To zdjęcie poruszyło cały świat. Teraz 5-latek i jego ojciec otrzymają protezy
Trwająca od ponad dziesięciu lat wojna w Syrii odcisnęła piętno na losie milionów ludzi. Do dwójki Syryjczyków los postanowił się jednak uśmiechnąć, dzięki czemu ich życie stanie się choć trochę łatwiejsze.
Fotografia przedstawiająca urodzonego bez kończyn syryjskiego chłopca i jego ojca, który w wyniku działań wojennych stracił nogę, została nagrodzona tytułem Zdjęcia Roku. Dzięki rozgłosowi udało się zebrać fundusze na protezy dla niepełnosprawnych bohaterów zdjęcia.
Pięcioletni Mustafa al-Nazzar urodził się z syndromem amelii totalnej, który powoduje nieprawidłowy rozwój kończyn. Jest to skutek zatrucia gazem paraliżującym, jego matki, użytym podczas syryjskiej wojny.
Ojciec Mustafy, Munizr al-Nazzar, stracił nogę w wyniku wybuchu bomby, która spadła na syryjskie miasto Idlib.
Historia obydwu Syryjczyków stała się głośna po tym, jak ukazująca ojca i syna fotografia p.t.: „Trudności życia” zdobyła tytuł Zdjęcia Roku na Międzynarodowym Konkursie Fotograficznym Siena Awards. Dzięki popularności ich historii udało się zebrać 114 tys. euro na rzecz opracowania spersonalizowanych protez.
Po wręczeniu głównej nagrody w konkursie autorowi zdjęcia Mehmetowi Aslanowi, organizatorzy Sienna Awards uruchomili zbiórkę na rzecz Mustafy i Munzira al-Nazzarów. W piątek 21 stycznia b.r. ogłoszono, że cała rodzina jest już w drodze do włoskiego miasta Siena, gdzie udzielona zostanie im pomoc medyczna.
„Historia bohaterów tego zdjęcia poruszyła cały świat i sprawiła, że myśli tysięcy osób są teraz we Włoszech” – napisano na facebookowym profilu Siena Awards.
Obydwaj Syryjczycy trafią teraz do centrum protetyki NAIL położonym niedaleko Bolonii, informuje „The Times”.
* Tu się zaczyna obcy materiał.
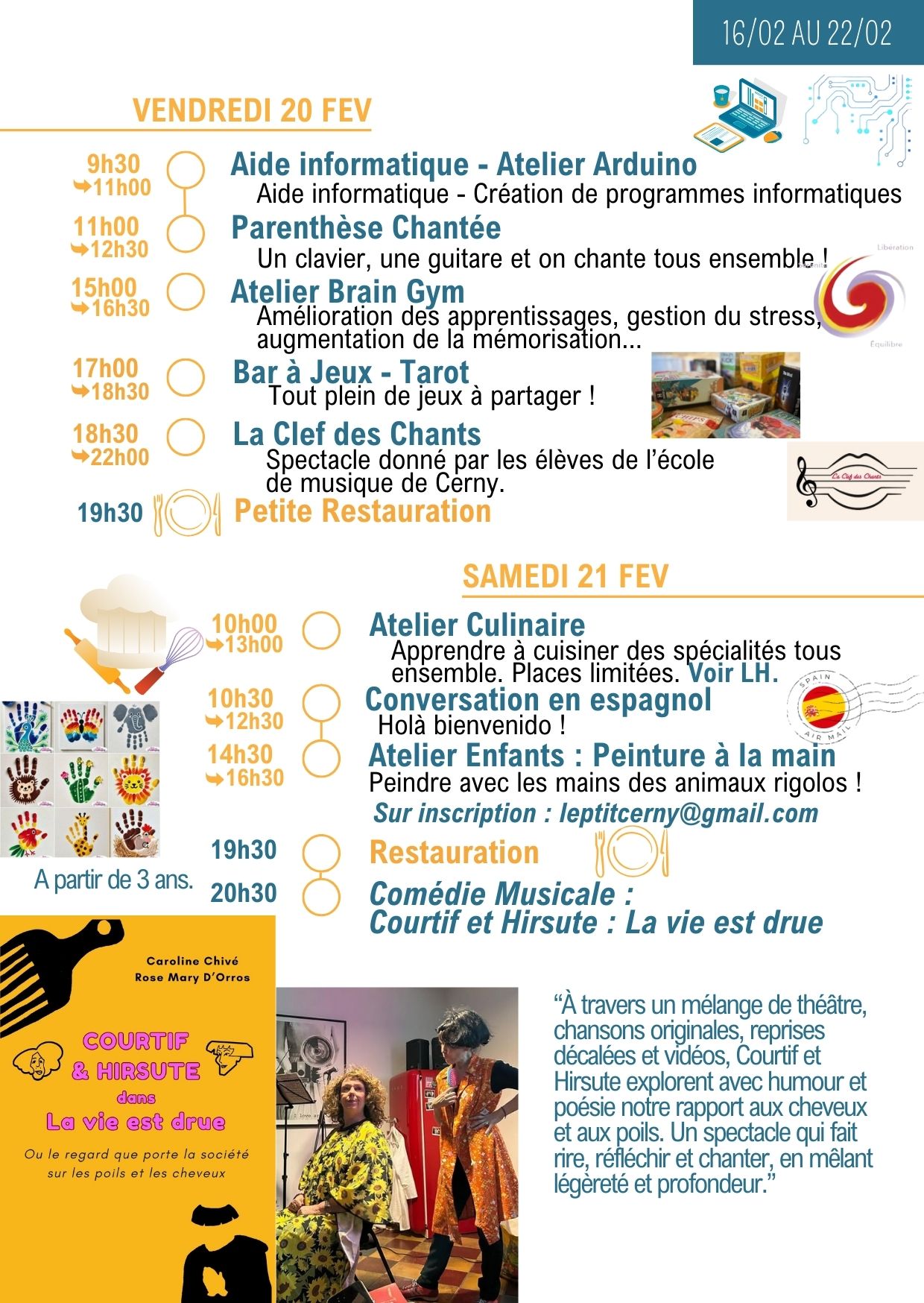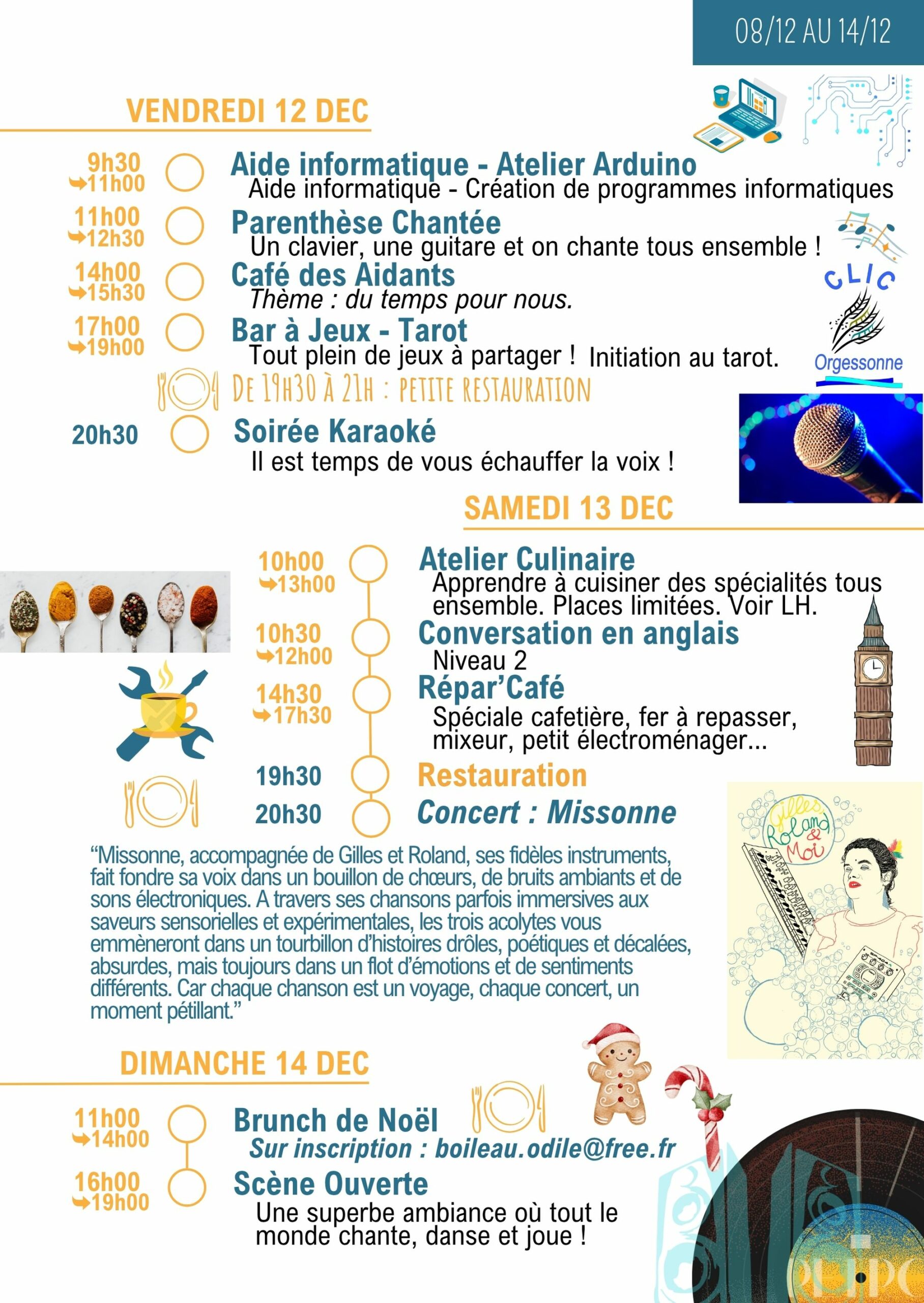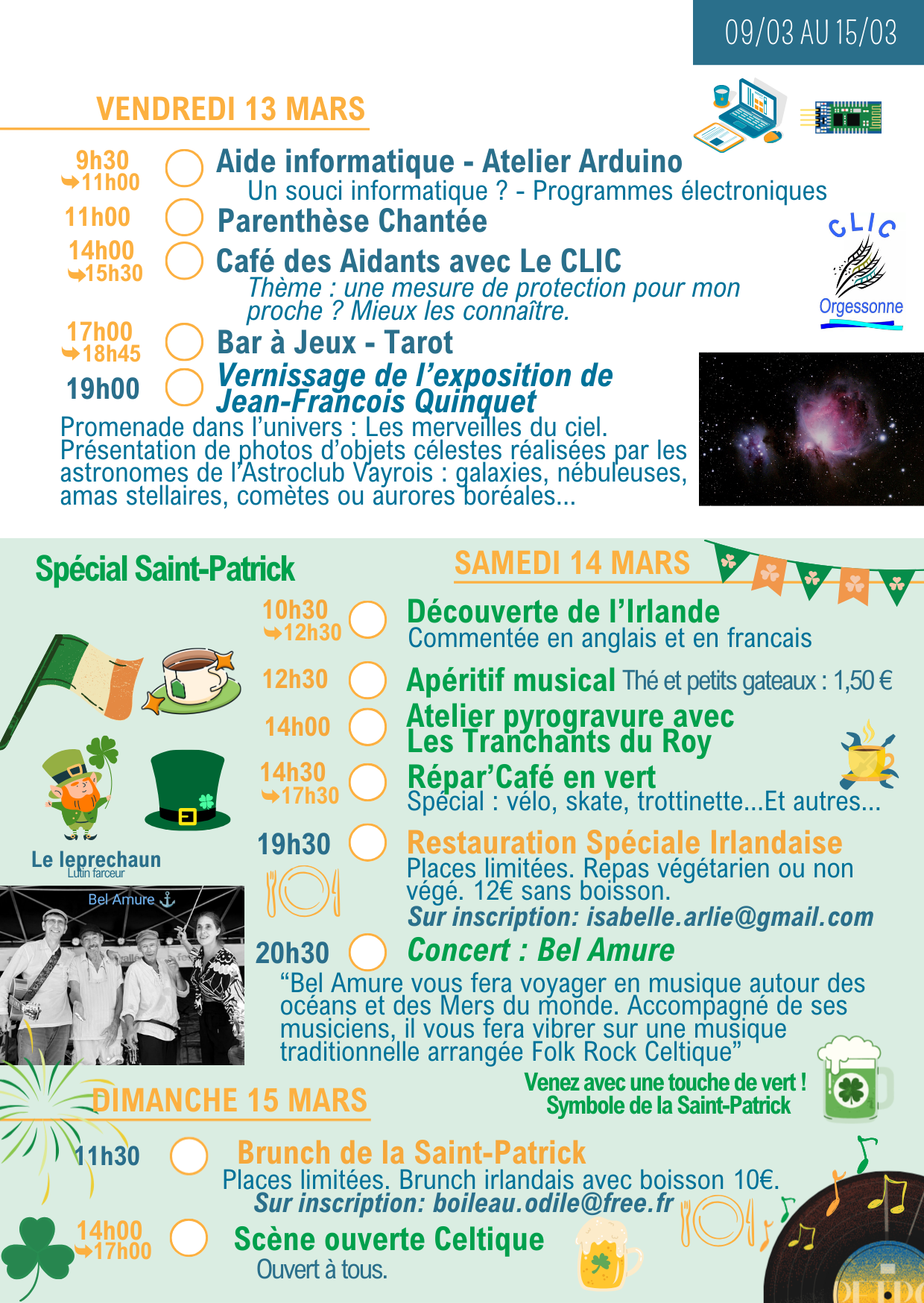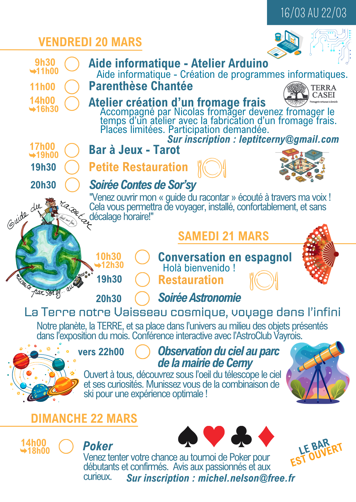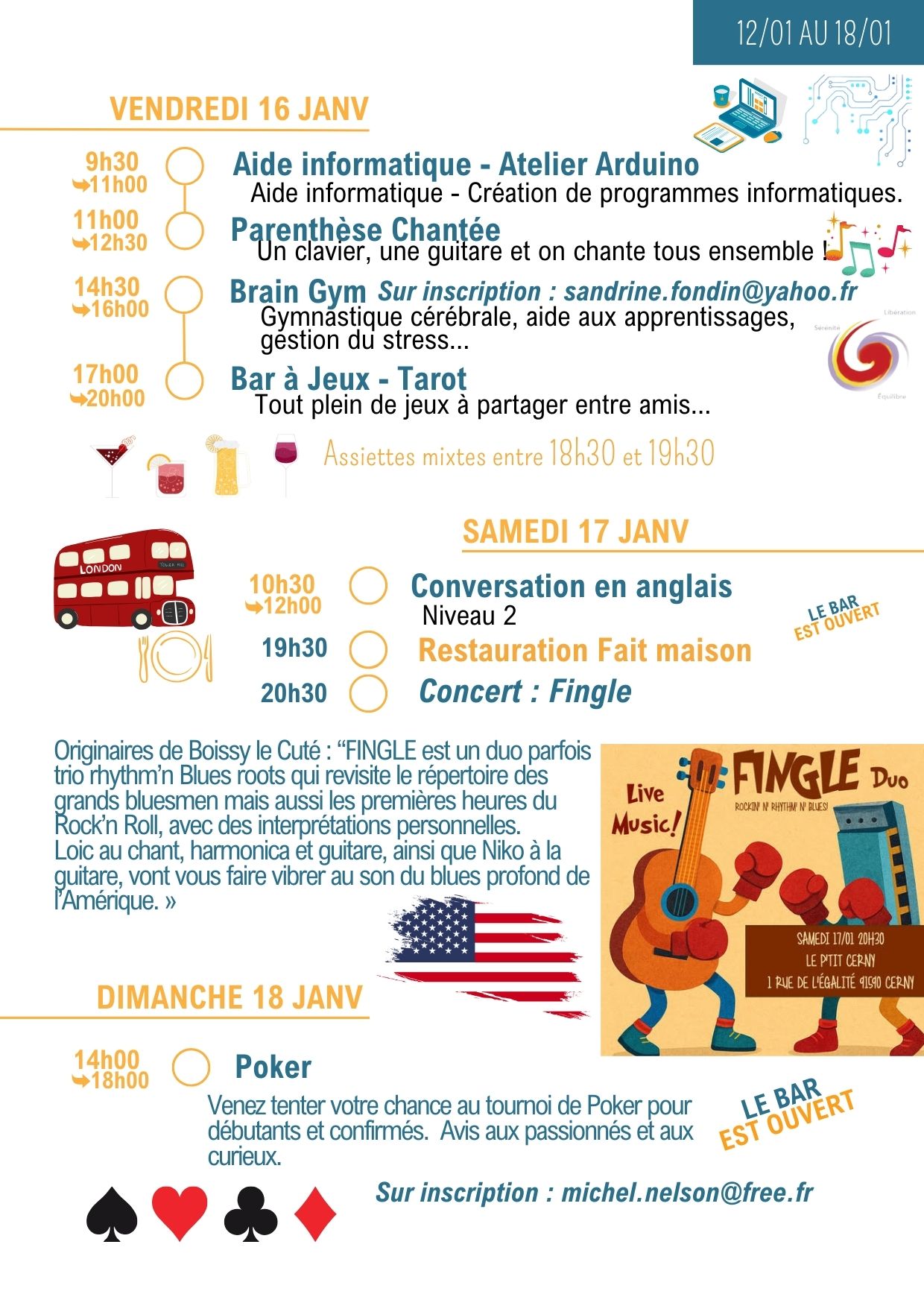 Merci de vérifier les informations dans la lettre hebdo, les jours et les horaires peuvent changer…

– Przed nami wymagające zadanie, ale naszym celem jest umożliwienie Mustafie samodzielnego funkcjonowania – powiedział Gregorio Teti, dyrektor techniczny centrum.
Pięciolatek ma wielkie marzenia. – Chcę iść do szkoły i móc kiedyś poprowadzić samochód! Jak będę duży, to pójdę na studia! – oznajmił w rozmowie z dziennikarzami dziennika „La Republica”.